Judas Priest’s Rob Halford on public-sex arrest: ‘I’ve f–ked up!’
Judas Priest singer Rob Halford once took a law-breaking walk on the wild side that could have ended his career.
The gay, leather-loving singer reveals in his “totally candid” memoir — “Confess: The Autobiography,” out Tuesday — that California cops covered up for his long-ago arrest for “public indecency” at a Venice Beach restroom.
In a book excerpt from Rolling Stone, the heavy-metal legend also relates a tasty affair from the early 1990s, when a then-closeted Halford would head to Camp Pendleton in California for threeways with a bisexual Marine sergeant and his wife — the only woman Halford says he has ever had sex with.

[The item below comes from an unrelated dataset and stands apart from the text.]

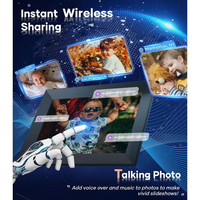 - Share Photos and Video Privately, Securely: Cozyla digital photo album connect you with your family in a delightful way. You can send photos or videos (up to 10 mins) to the frame from anywhere in the world. Loved ones can enjoy your wonderful moments within seconds on their frames. Plus, both you and your family get unlimited cloud storage. Cozyla wifi picture frame digital with app is the perfect present for your loved ones.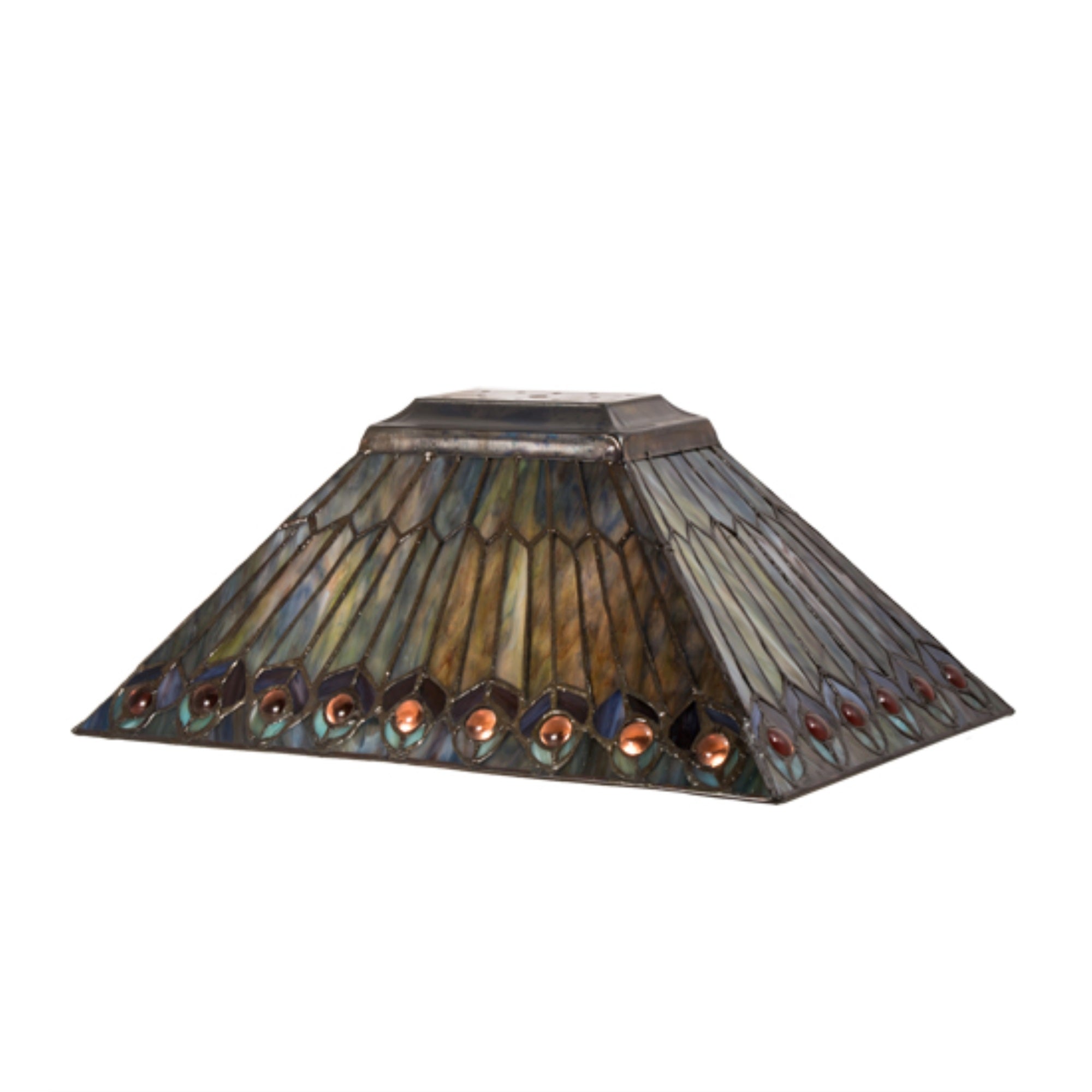 21099 16'L Tiffany Jeweled Peacock Oblong Shade Manufacturer By Meyda. As Distinctive As Beautiful Peacock Fanning Feathers In The Wild; No Two Shades Will Ever Be The Same As Their Individuality Can Be As Remarkably Unique As Their Personality. This Artistic Creation Utilizes Swirling Opalescent Art Glass Background Combinations Including Beige; Yellow Pinks; Golden Greens; Ivories; Bluish Whites; Turquoise Blues; Olive And Spring Greens. The Eye Of The Plumage Design Reveals Purples; Pastel Blues; Teals; Cobalt And Ivories; Accented With Blue And Purple Colored Jewels. Individual Pieces Of Glass Are Hand Cut And Wrapped Using Meyda Tiffany'S Famous Copperfoil Construction. Each Shade Is A Unique Work Of Art With Color Variations Based On Natural Ingredients Inherent In The Glass. Lens Color : Ruby;Sunflower;Amber Glass (Not Mica);Green;Blue;Violet, Made In China

“Once the door was shut, we would go at it for hours,” Halford, now 69, writes of their hookups in his new torrid tome. “I’d leave there more exhausted than if I’d been for a gym workout.” He adds that he was “far more interested” in the man and that his “heart wasn’t in it” as far as having sex with the wife, although she was “a lovely, beautiful woman, with a perfect body.”
But the self-proclaimed “metal god” also got his kicks in other more lurid places. Halford recalls taking a mountain-bike ride in early 1992 — not long before he first left the band — and swinging by “a notorious men’s washroom” in Venice Beach, where he “decided to stop off and try my luck.”

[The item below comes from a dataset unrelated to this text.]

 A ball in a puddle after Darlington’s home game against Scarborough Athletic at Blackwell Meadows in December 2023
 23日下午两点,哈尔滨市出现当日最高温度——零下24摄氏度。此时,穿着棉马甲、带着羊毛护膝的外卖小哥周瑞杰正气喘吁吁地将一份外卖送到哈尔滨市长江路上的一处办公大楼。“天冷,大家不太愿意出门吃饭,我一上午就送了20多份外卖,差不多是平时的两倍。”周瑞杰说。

His “luck” quickly ran out: After fondling himself in an open restroom stall, Halford was arrested by an undercover cop.
“Oh, f–k! A million thoughts raced through my mind,” he writes of getting caught. “This is it! I’ve f–ked up! It’s going to be in the papers! I’ve lost everything! And yet, at the same time, I felt oddly calm.”
A handcuffed Halford was taken to a police station and, while there, an officer recognized him.
“I thought it was you,” the cop told him, and then asked, “What the hell are you doing here, Rob Halford?”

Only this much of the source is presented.